Madam Speaker, I find myself often rising to ask questions of the government with respect to its handling of ethical matters, and no more appropriate a time have we found to address the government on these questions than in light of the scandal that currently has engulfed the Prime Minister's Office.
For a third time, the Prime Minister is under investigation by the Conflict of Interest and Ethics Commissioner, twice having been found to have broken the law. On the front lines of this latest scandal with the WE Charity, the Prime Minister is in the company of another minister who has been found to have broken ethics laws in this country: the Minister of Finance with his forgotten French villa.
We hear from the finance minister and the Prime Minister, time and time again, that they are sorry. They are sorry they were caught, because right out of the gate with any of these issues the immediate response is that there is nothing to see here.
We remember with the SNC-Lavalin scandal the very first reaction by the Prime Minister was that the story in The Globe and Mail was false. Since then, the Ethics Commissioner investigated and found in the Trudeau II Report that the Prime Minister did contravene the Conflict of Interest Act. The story in The Globe and Mail was true.
We know that when it was before cabinet, and members of cabinet spoke out against the lack of ethical integrity at the table, the member for Vancouver Granville, the former minister of justice and attorney general, was fired. Canada's first female, indigenous attorney general was fired.
We know that when another member of cabinet with integrity, the former president of the Treasury Board, Dr. Jane Philpott, raised the issue as well, she was kicked out of caucus with the member for Vancouver Granville.
We know from those two reports, the Trudeau Report and Trudeau II Report, that the Prime Minister likes to reward his friends.
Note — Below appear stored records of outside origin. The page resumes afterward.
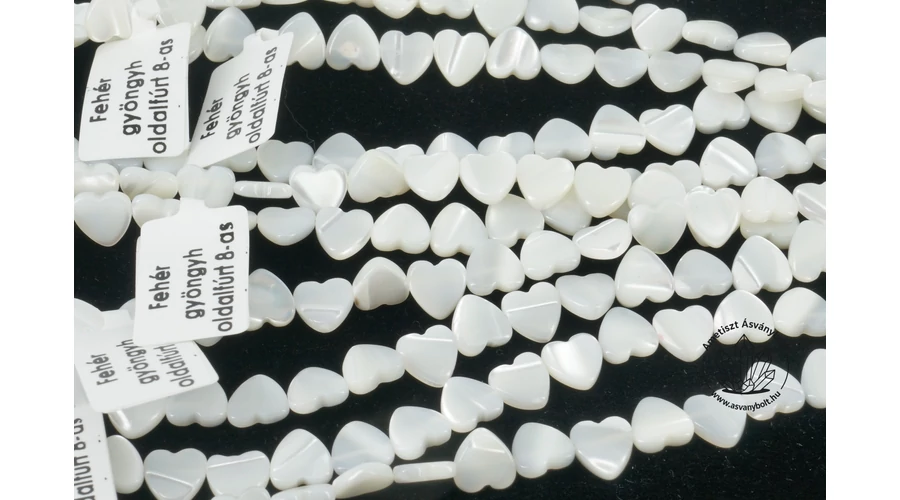 Némelyik vastaghéjú kagylóféléből vagy csigaházból könnyen tudnak különböző formákat is csiszolni, ezek az anyagok rétegesen gyöngyházfényűek. Az anyagot kb. 39 cm hosszban damilra fűzték, aminek mindkét végét csomó zárja le. A szálra fűzött lapos szív mérete kb. 8 mm, tehát a szálon legalább 46 db lapos szív van felfűzve. Csiszolásuk kitűnő minőség! A szálat így alkatrészek nélkül lehet vásárolni, a terméket saját munkával lehet bármilyen ékszernek elkészíteni. Hozzávaló alkatrészek az alkatrészek menüben választhatók.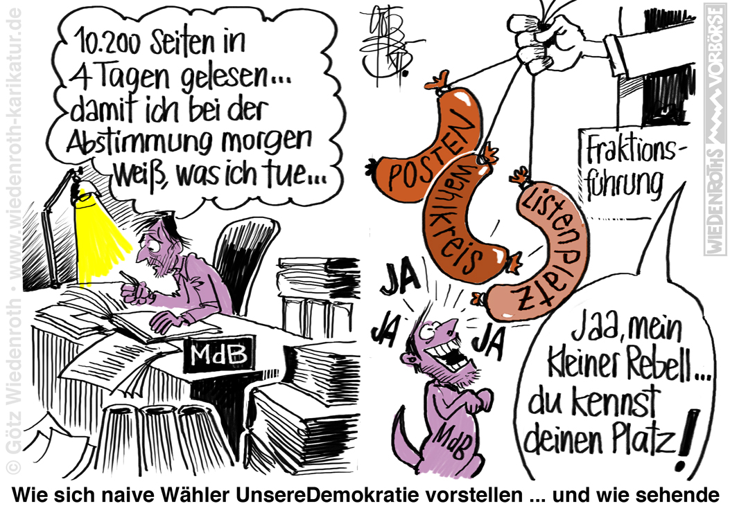 Bildunterschrift: Wie sich naive Wähler UnsereDemokratie vorstellen ... und wie sehende |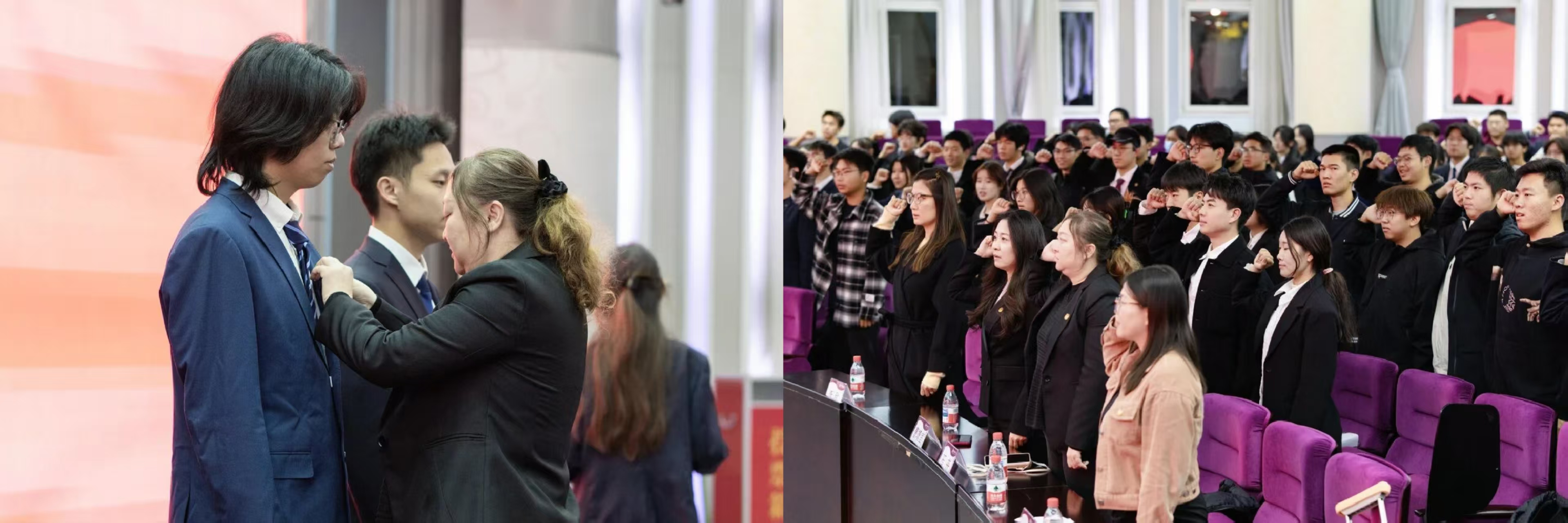 学院党委副书记石卉为本年度新发展团员代表颁发了团章和团徽,院团委副书记刘佳怡带领全体新老团员重温了入团誓词。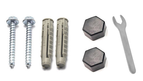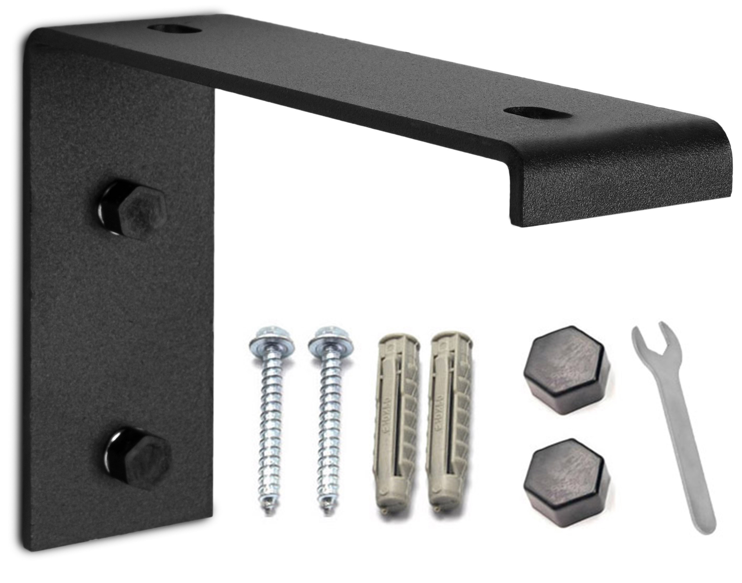 W zestawie: wspornik, 2x śruba mocująca, 2x kołek, 2x zaślepka, klucz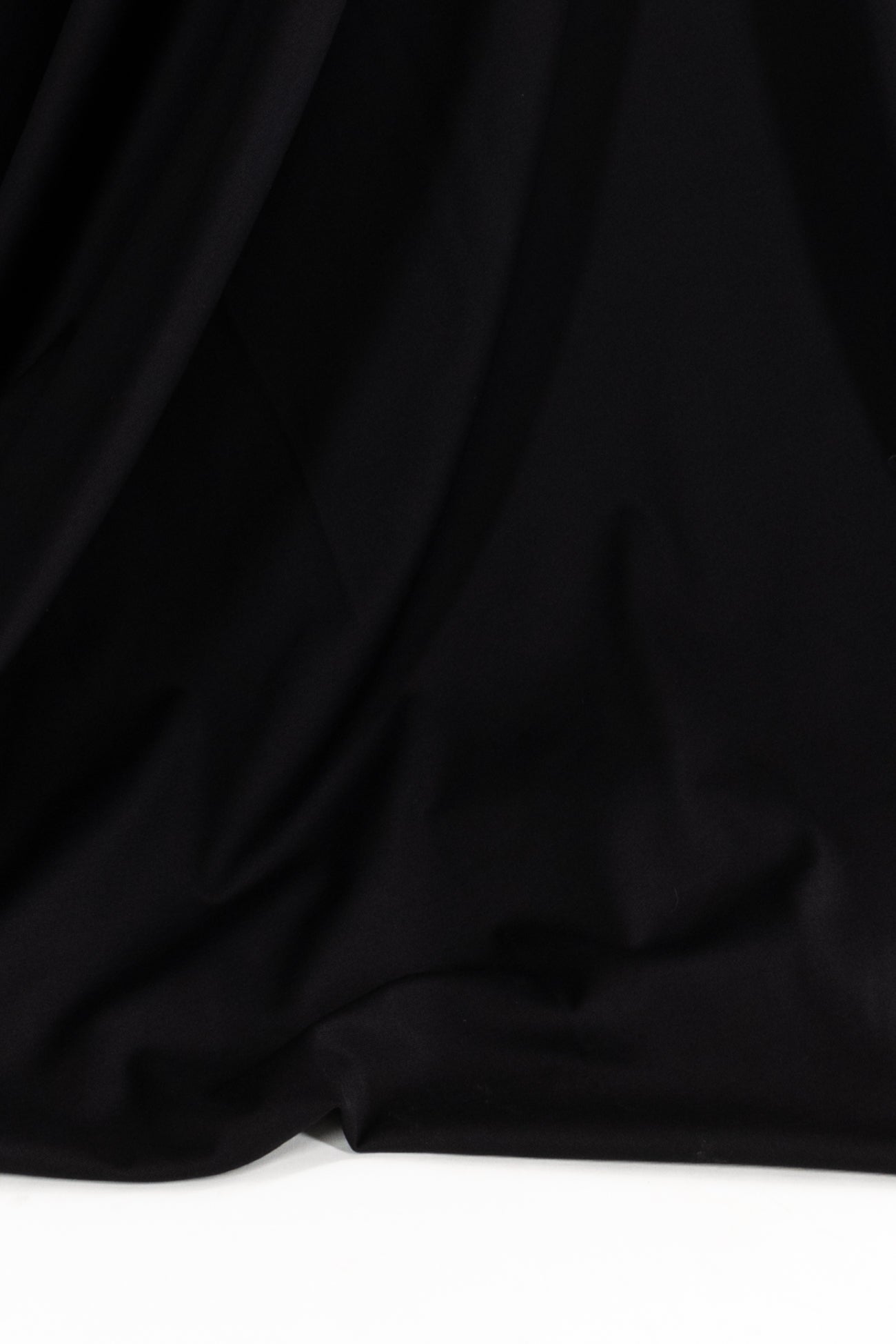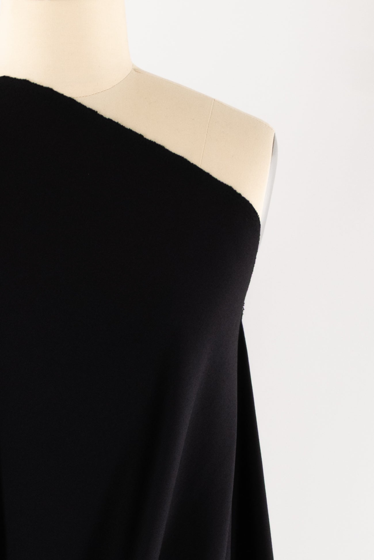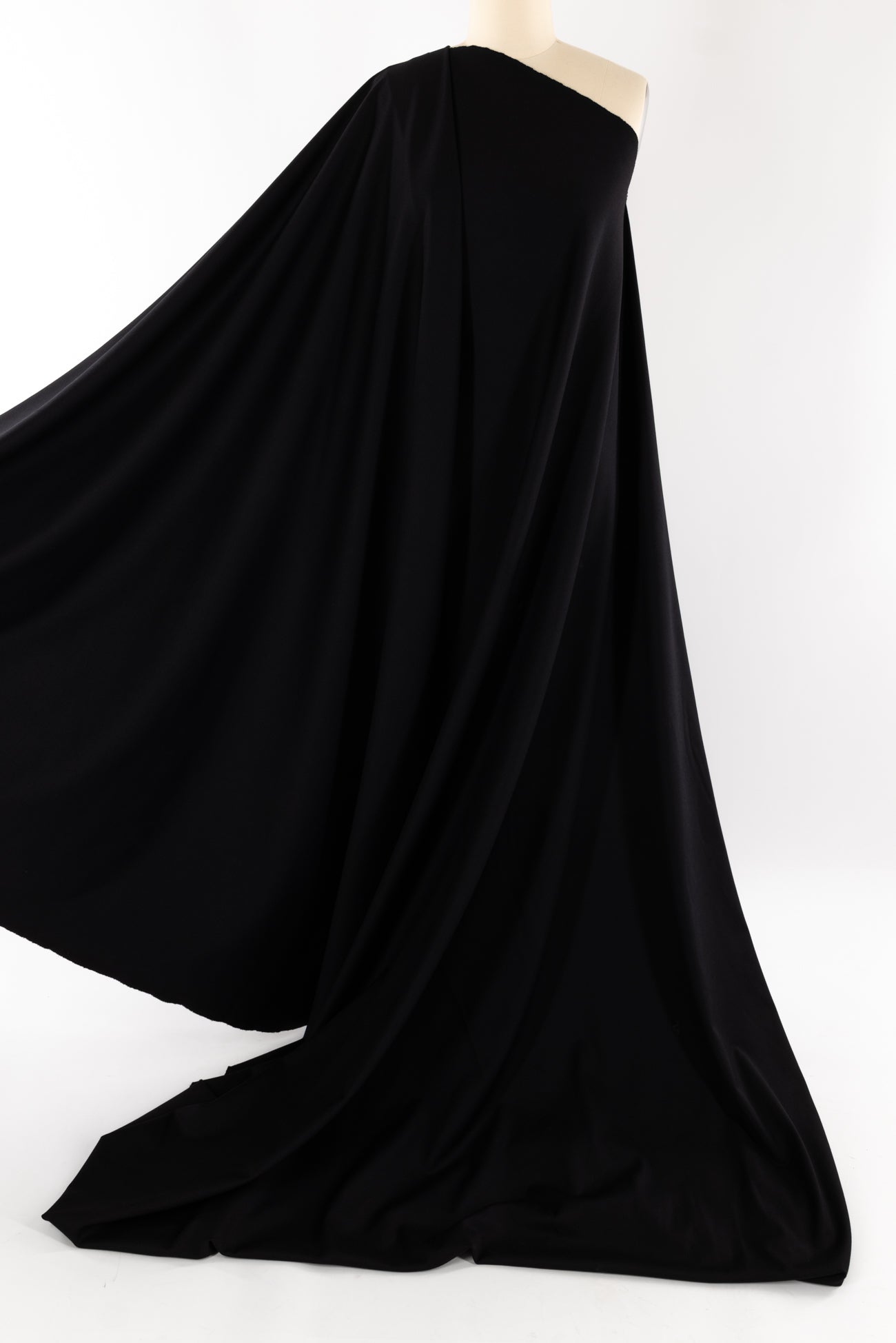 Classic black ponte knit found in response to requests for 'Eileen Fisher' type ponte. Beefy, but not thick, mid-weight, with a smooth hand, sculptural drape, 4-way stretch, made in the USA. Top quality in the ideal rayon/nylon/lycra blend that is perfect for both tops and bottoms: pants, top, t-shirt, jacket, vest, coat, structured dress or skirt. A natural for wardrobing and travel. Mix tops and bottoms in this fabric to wear together or as separates. PLUS, it has such a nice, smooth hand that other garments will slip on easily over and under. This is a workhorse fabric that will work in many interpretations!
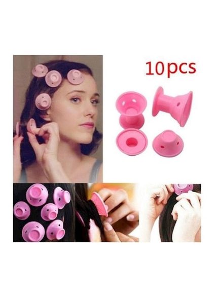 10 قطع من طقم لفات الشعر المرنة وردي 24سم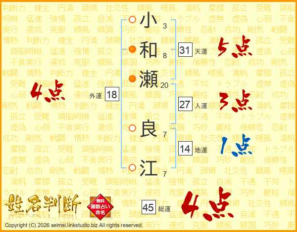小(3画)和(8画)瀬(20画) 良(7画)江(7画)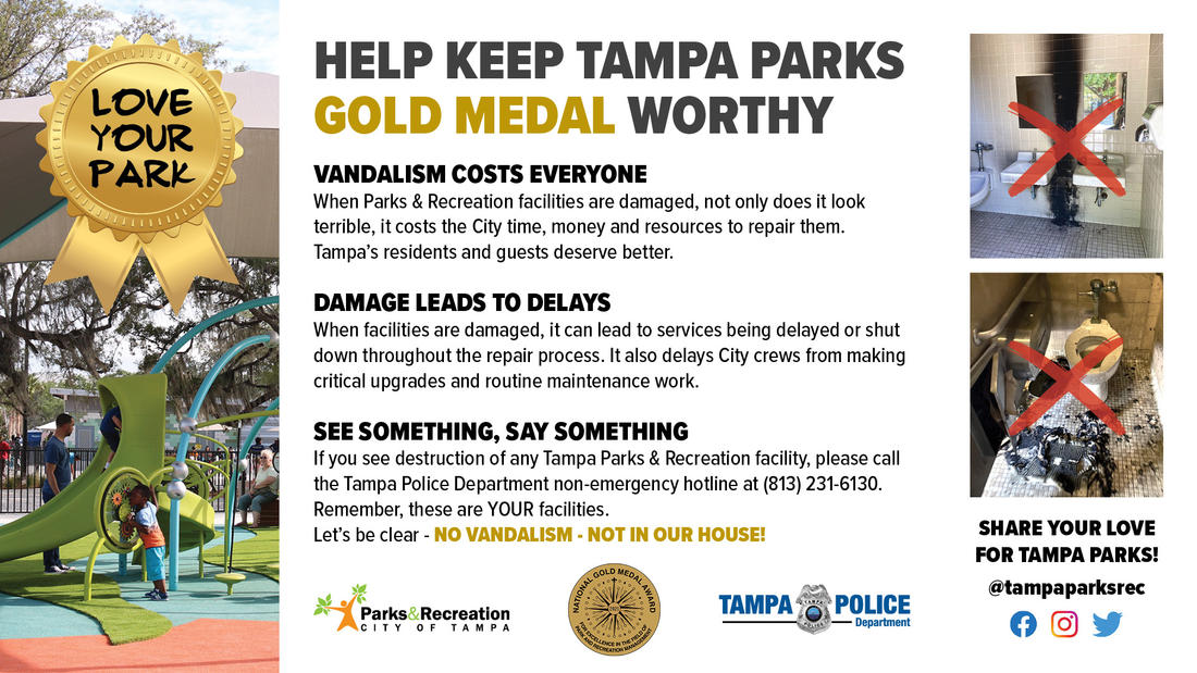 The “Love Your Park” campaign focuses on showing pride in our parks and deterring vandalism by activating community partners and encouraging neighbors to be our eyes and ears. Printed materials will be available inside various city facilities and recreation centers explaining the best ways to prevent and report vandalism. The City of Tampa’s Community Engagement & Partnerships Team will also help raise awareness about the issue with neighborhood associations across the city.

We know from the ejection of the member for Vancouver Granville and the former president of the Treasury Board, the Hon. Dr. Jane Philpott, that the Prime Minister punishes his enemies.
Accountability is not found today in the office of the Prime Minister, so we look to the government benches and ask Liberal members if they have the courage of their convictions and the intestinal fortitude to demand better of their Prime Minister.